[aaronsw]

This is moronic. Cryptography is very hard and one tiny mistake can ruin everything. In that kind of situation, do you want to do something clever and new that you just thought up or do you want to go with what's been tried and tested by many?

Anyone can invent a cryptosystem that they themselves can't break. That's why you need a community, over a long period of time, searching for flaws. Going with the herd is exactly the right thing to do here.

[tptacek]

The whole situation is moronic.

It's hard to look at the whole discussion here and not wish that Cody had just asked Salvatore in private if he wanted a better hash function, rather than calling him out for it on the thread announcing Salvatore's new program. I've been exactly where Cody is and have learned that there's little productive conversation to be had when someone is excitedly announcing a new project.

At the same time, Salvatore was too prickly about this. His response was dictated by emotion and not his head, and it's painted him into a corner of referring to sound crypto as "dogma" that can be navigated by programmer common sense. He's wrong about that and I suspect he knows it. He could still have been snippy about being told to add bcrypt to his sample application, without trying to make a principled stand about the merits of different KDFs. This isn't the first time Salvatore has been stridently wrong about crypto on HN.

Coda, like the fabled honey badgers of yore, does not give a fuck. If you understand that going in, it's hard to be pissed at him.

One of the charming things about Salvatore's code is that it's build largely without deps. It is probably my favorite thing about Redis, that you can download it and simply type "make"; it doesn't have an autoconf script and implements its own event library. It takes craftsmanship to do that on something as significant as Redis.

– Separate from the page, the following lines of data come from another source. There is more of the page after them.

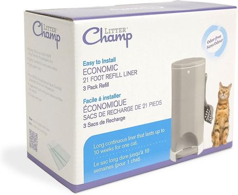 This product includes three 21-foot liners. Once you step on the convenient hands-free foot pedal on the Litter Champ Premium Odor-Free Cat Litter Waste Disposal System, it will open all compartments and allow you to dispose of the waste.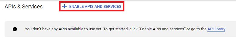 - Step 4: Click Enable Apis and Services button or select Library button on the left.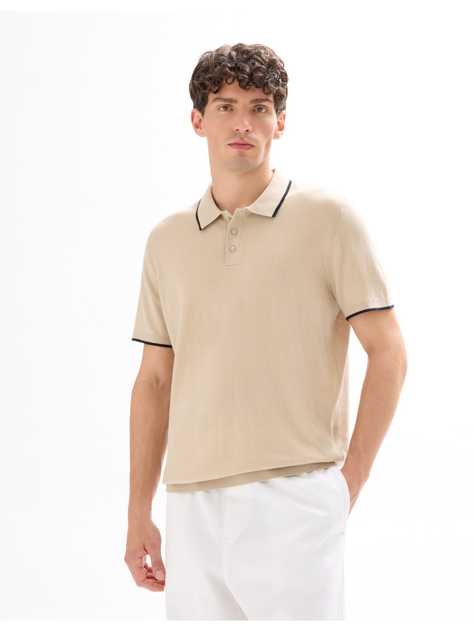 Béžové pánske polo tričko Ombre Clothing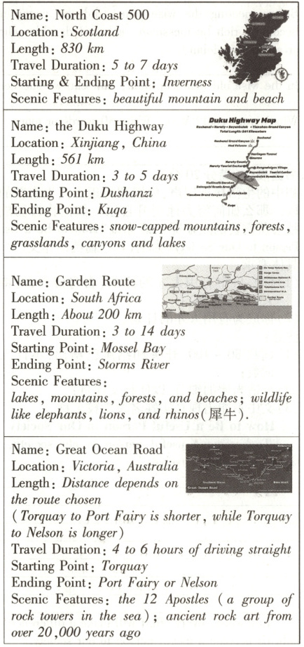 [语篇导读] 本文主要介绍了四个最佳自驾游路线。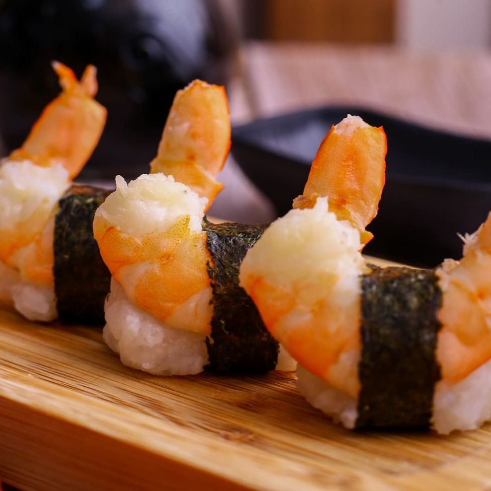 Sushi de camarão recheado com arroz e finalizado com uma delicada tira de nori.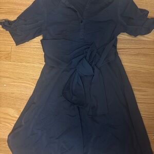 Beautiful shirt dress in a classic navy colour. Dress is in excellent used condition. Similar to the style in the first photo.

It is indeed a downside of bcrypt that it pulls in a dep. If you are avoiding deps as a matter of principle, use a different KDF (this applies only to KDFs; if you need encryption and you DIY, you're boned). But as soon as you write a Gemfile, I reserve the right to make fun of you for hand-rolling your KDF.

[antirez]

Just to say that I apologize with the HN community and with my twitter followers about my behavior in the past hours. I and coda both made mistakes in our interaction.

What is good is that the result is that, at least, I'm understanding more on the topic. But I guess all this was not needed to reach this goal.

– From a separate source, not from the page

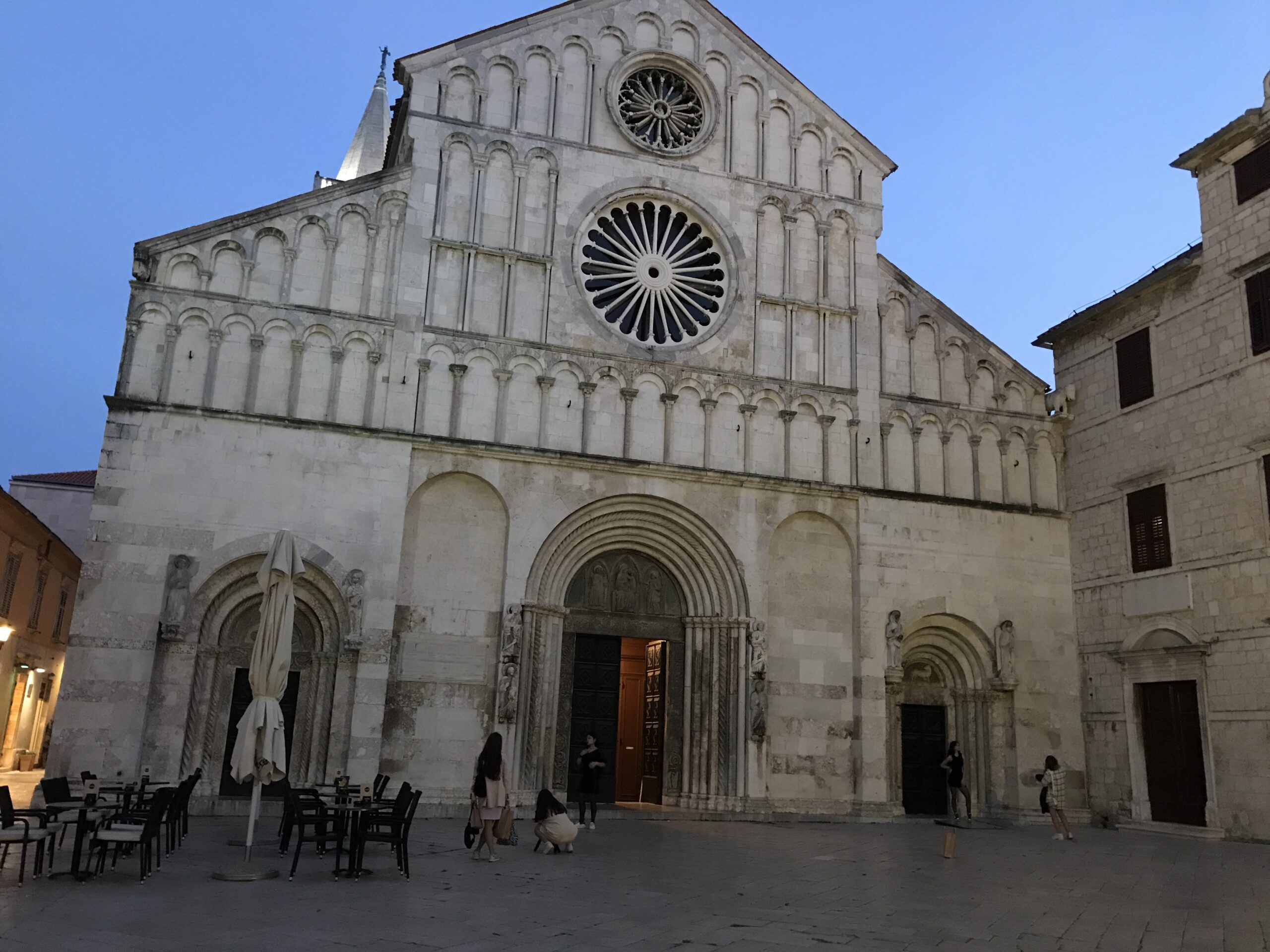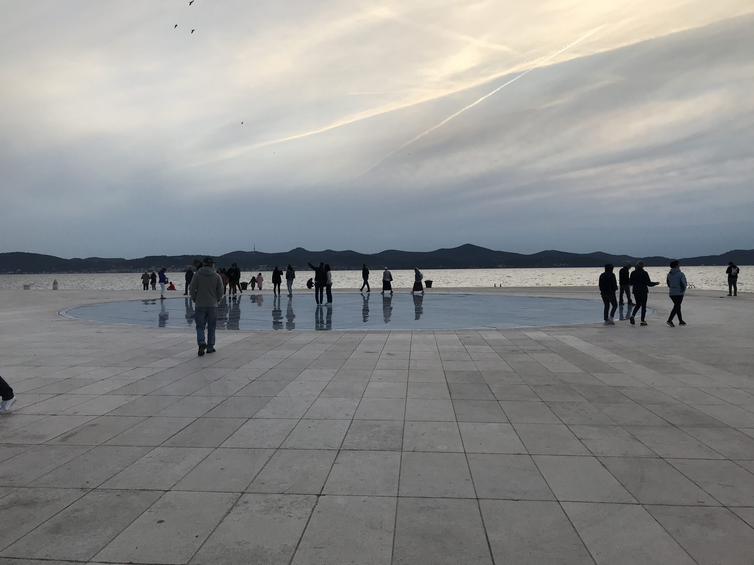 Im ersten Anlauf hat es uns gar nicht so gut gefallen, wir waren eher ein bisschen enttäuscht. In der Altstadt gibt es doch sehr viele Häuser aus der Nachkriegszeit, die in einem sehr desolatem Zustand sind, dazwischen ein paar schöne alte venezianische Gebäude und einige römische Überbleibsel. Im zweiten Anlauf, nachdem wir unser Zimmer bezogen hatten, gingen wir nochmal los und dann konnten wir uns doch noch mit Zadar versöhnen, es hat uns gut gefallen. Vor allem als es dunkel war, war eine schöne Stimmung und Atmosphäre, die kleinen Gassen kamen dann ganz anders rüber und der Bummel machte richtig Spaß. Sehr schön war der Spaziergang auf der Mauer (sie ist ja UNESCO- Weltkulturerbe), hier haben sie schöne Spazierwege angelegt, es gibt schöne alte Bäume und gute Aussichten. Vorbei kamen wir dann auch bei der Meeresorgel, es sind komische Töne, die das Meer hier verursacht, aber der Platz ist sehr schön, auch mit der aus 300 Einzelteilen bestehenden Glasscheibe mit 22m Durchmesser, es befinden sich darunter Solarmodule, der Strom wird eingespeist – man nennt das Ganze „Sonnenanbetung“.

Edit: oh and another thing is, I'm very entusiast about lamer news, but not because of the code, that many programers can implement without troubles, but because of the project.

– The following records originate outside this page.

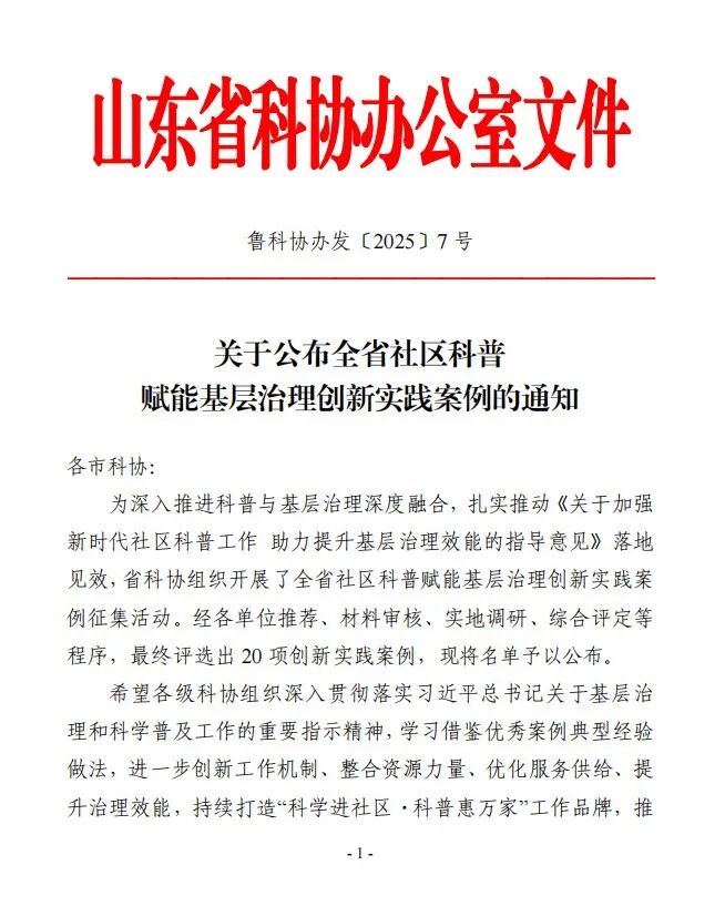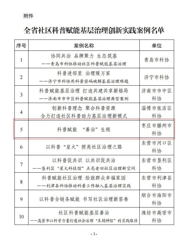 近日,省科协公布全省社区科普赋能基层治理创新实践案例评选结果,滕州市科协提报的《科普赋能,“善治”生根》成功入选,成为全省20项创新实践案例之一。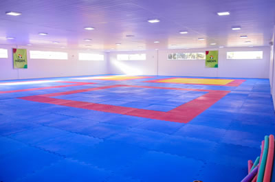 Outro espaço inédito é o dojo, ou também chamado de sala de lutas destinado à prática de diversas modalidades de artes marciais, como Judô, Karatê, Taekwondo, Jiu-Jitsu, lutas olímpicas, entre outras. A sala de lutas possui um tatame que proporciona uma superfície segura com amortecimento adequado para a prática de quedas, rolagens e outros movimentos de luta.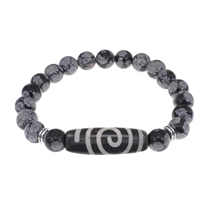 Браслет с Бусиной Дзи Спираль Вселенной и нат.камнем Снежный обсидиан BSDS8-18-14

Slashdot, programming reddit, HN, gave me a lot as a programmer. It is an honor for me to partecipate to a public discussion with so much skilled people here. So I think creating a consortium, like a non profit org, to make this even better, could be awesome.

[tptacek]

I'm going to be using Lamer News as the basis for a (non-programmer) project. Thank you for releasing it.

[antirez]

here the point is that what I suggested was into an RFC but everybody was too focused on pointing me on bcrypt. I'm not telling that you should invent your crypto, also this is stated in the article.

[tptacek]

RFCs are to the crypto literature what Wikipedia is to the history of the Balkans.

This is another instance where I don't care so much about your particular choices, but where you've said something I have a hard time letting go. You can't point to chapter/verse of an RFC as evidence of the soundness of a crypto construction. Sometimes RFCs document good ideas, but other times they don't.